The question that confronts stakeholders desiring a civilised outcome is how to obviate such systematic attempts at Jammu and Kashmir’s demography. This certainly demands a refreshed multilateral action from the United Nations Security Council on the Kashmir dispute. It may need to come in the form of a new resolution. Such a resolution should dictate a clear path for delineating and preventing India from changing demography. It should set new equitable terms for India and Pakistan to prepare reasonable grounds for holding plebiscite or reiterate commitments enshrined under previous resolutions. This will certainly require rising to the occasion—especially by powers such as the United States, United Kingdom, France, China, Russia and Germany—drawing a red line and costs for India’s attempts to change Jammu and Kashmir’s legal and demographic visage. If the 21st century demands commitment to norms, then the Kashmir dispute appears as one of the most reliable litmus tests.
The question of the Kashmir dispute needs to stop being seen only as a territorial dispute between Pakistan and India. The central focus should be the people that are critical to determination of its political future. Presenting it solely as a territorial dispute removes the Kashmiri people, who are one of the critical linchpins of this dispute. The primacy of determining Jammu and Kashmir’s future should lie in the hands of the Kashmiri people through plebiscite. It can’t be seen as a colonial price for India or BJP’s Hindutva-driven aspiration for a forceful integration with India.

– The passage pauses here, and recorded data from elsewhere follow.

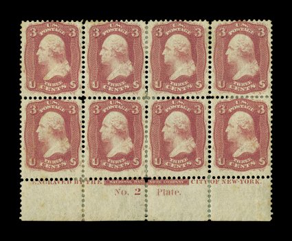 95 ogPB 56 image#56, 3c Brown rose "August", full bottom margin imprint and plate "No. 2" block of eight, lovely fresh rich color and a detailed impression, quite well centered for this typically poorly centered issue, full o.g. with some sensible hinge reinforcement of separated perforations, tiny thin speck in bottom right stamp which is truly minute, plus a few equally trivial toned flecks, otherwise nearly very fine for this remarkably rare plate block of which only six such plate blocks are recorded in the Chapin census (all of which are bottom positions); 1972 PF certificate. (Image) $20,000.00
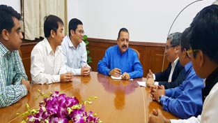Union Minister Dr Jitendra Singh listening to the grievances of a delegation representing “Chakma” migrants from erstwhile East Pakistan, at New Delhi.
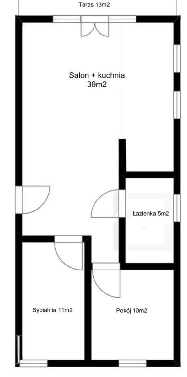 - dużego tarasu o powierzchni: 13 m2.
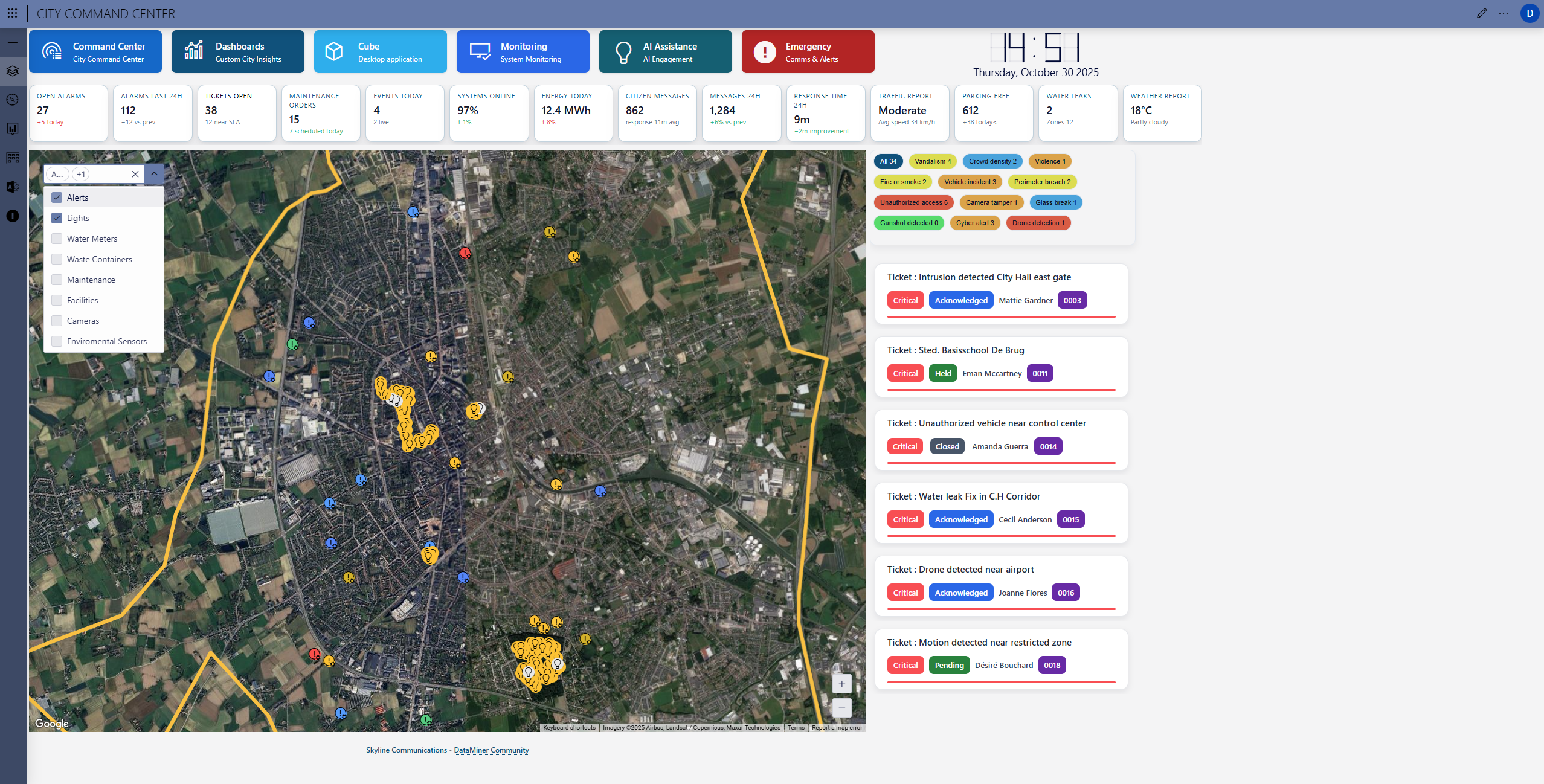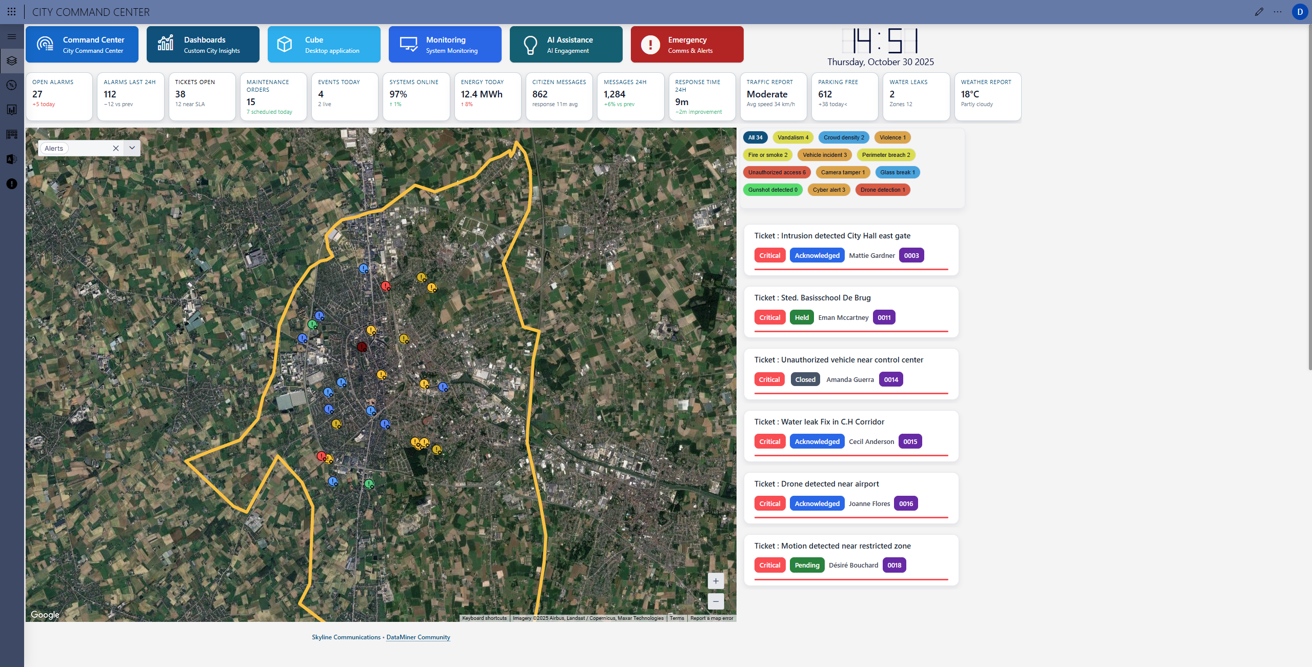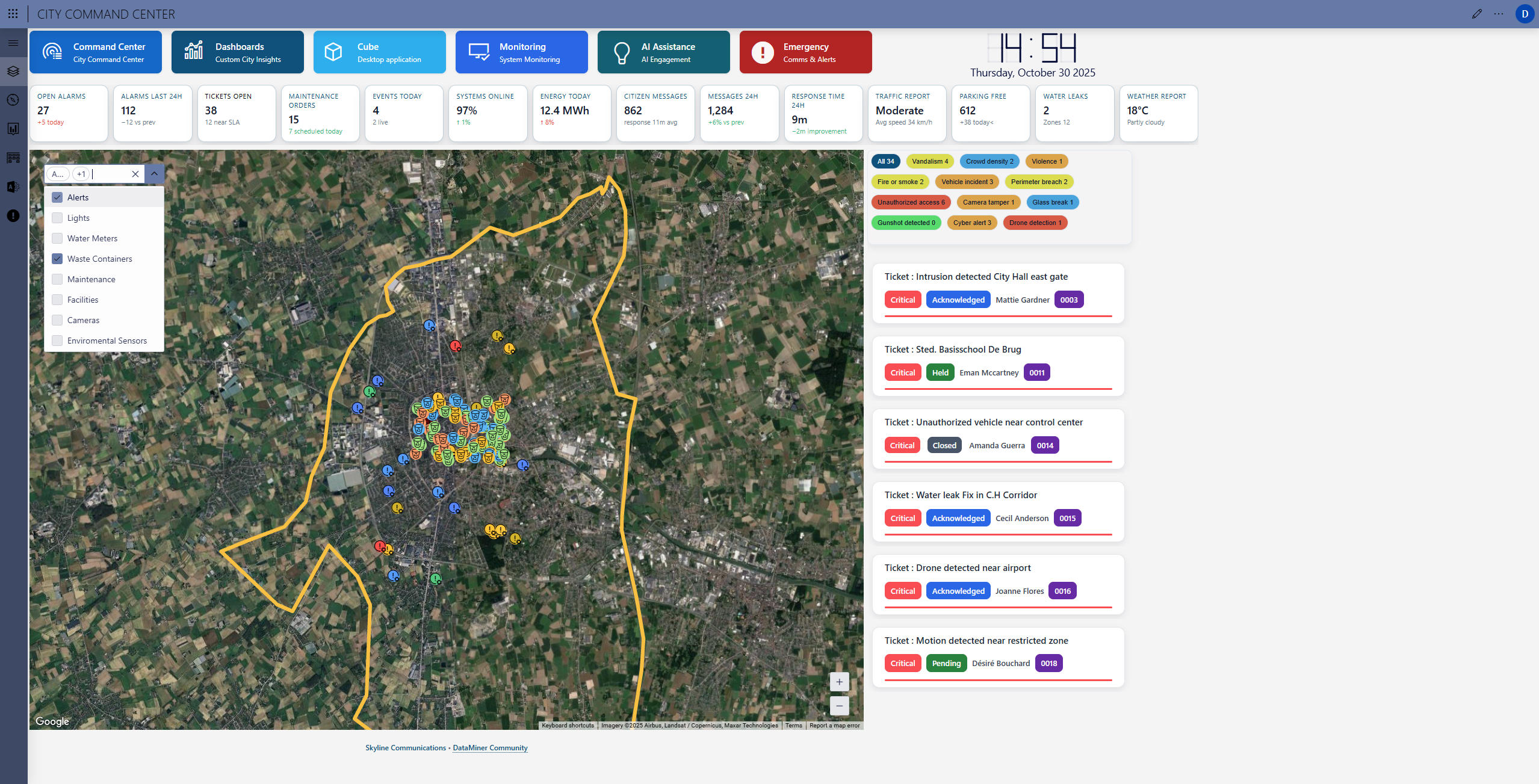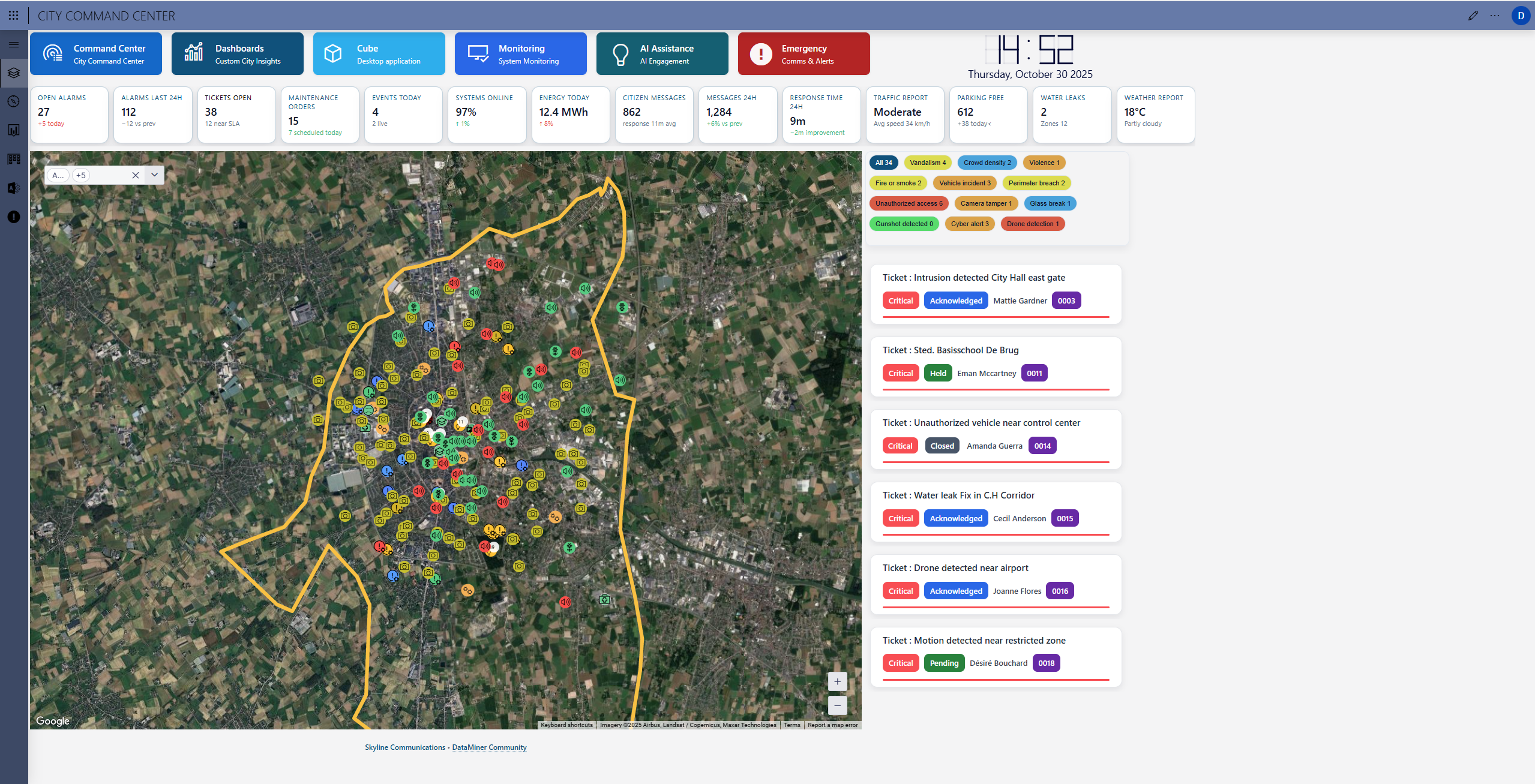 The DataMiner CityOps City Command Center is the core of a smart city’s operational environment, where all information, alerts, and activities come together in one unified workspace. It provides city operators with complete situational awareness through a live digital twin of the entire urban ecosystem, covering mobility, safety, energy, environment, and citizen services.
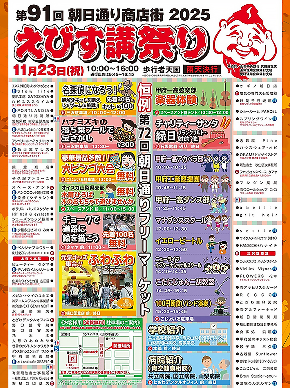 11月23日(日)、午前10時から午後4時まで、朝日通り商店街で「えびす講祭り」が開催されます!
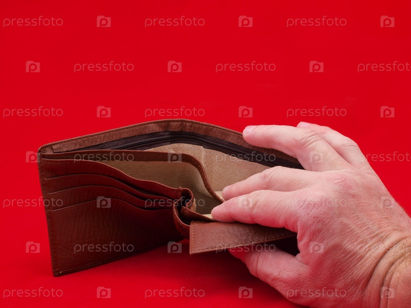 Рука держит пустой кошелек на красном фоне
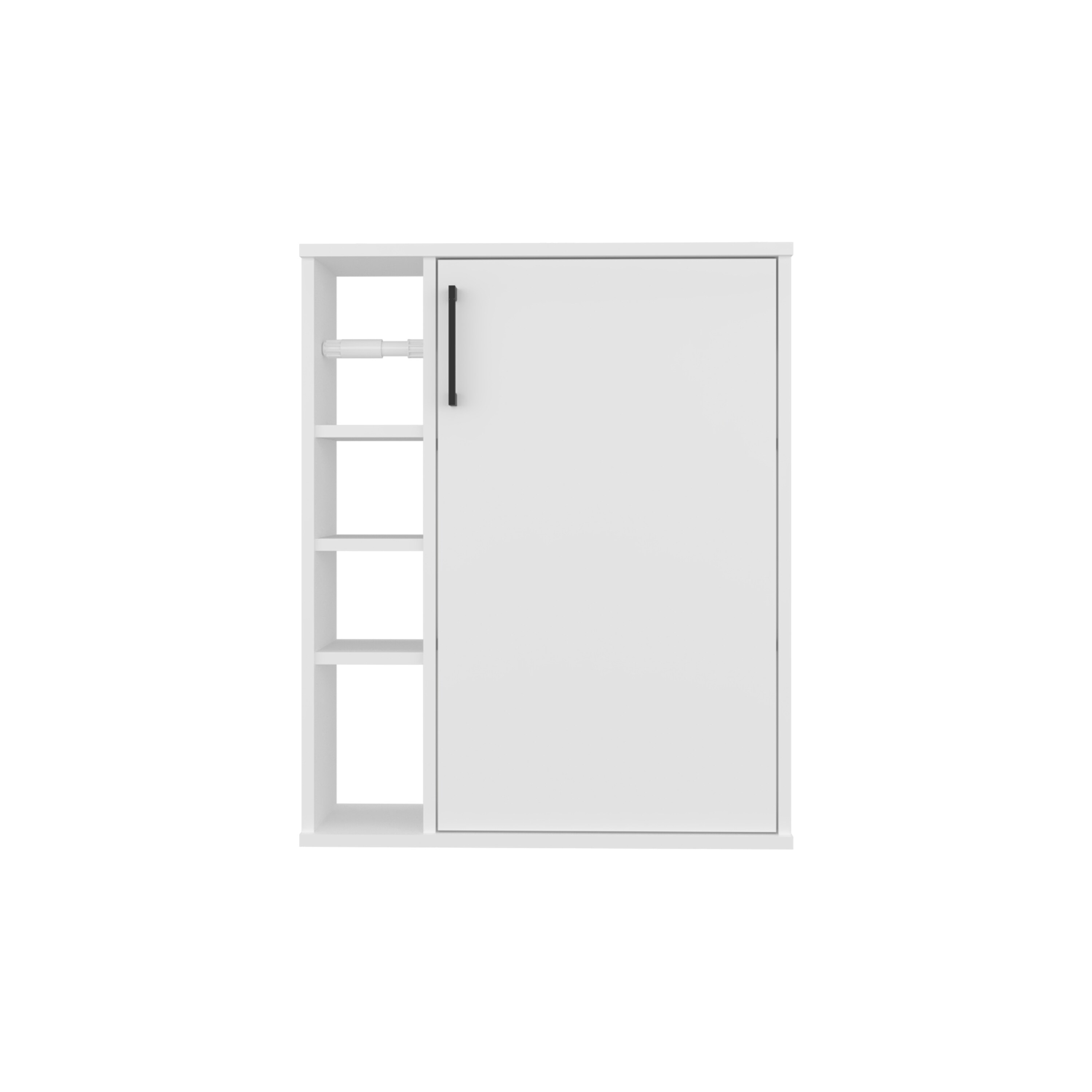 Wall-Mounted Medicine Cabinet With 1 Door And 3 Open Shelves, Modern Bathroom Storage Organizer, White

For the international community, the complexity of the Jammu and Kashmir dispute should be seen through shades of multiple case studies of international politics; Germany, Vietnam, and South Africa are among the most relevant. For example, the German reunification by Helmut Kohl was spearheaded in 1990 to unite German people that were divided in Western and Eastern wings after World War II. It was equally indispensable for the German Chancellor to unite German people and the divided territories. The same, but through war and insurgency, can be seen in Vietnam when it was reunited on April 30, 1975 after a violent takeover of South Vietnam by North Vietnamese and Vietcong. But most important of them is South Africa, which the international community denied, simultaneously riding the boats of apartheid and ineffectual democracy. The black majority was forced into political oblivion for decades in their own country until 1994. It is a similar apartheid by BJP which will seek to change Kashmiris’ demography by converting them into a minority. And a future outcome, if unchecked, will be determined by outside settlers. Let’s not forget, on the first anniversary of the revocation of Jammu and Kashmir’s special status, Prime Minister Modi will lay the foundation of the Ayodhya Temple. Symbolising Jammu and Kashmir’s future in Ayodhya couldn’t possibly make for a better comparison.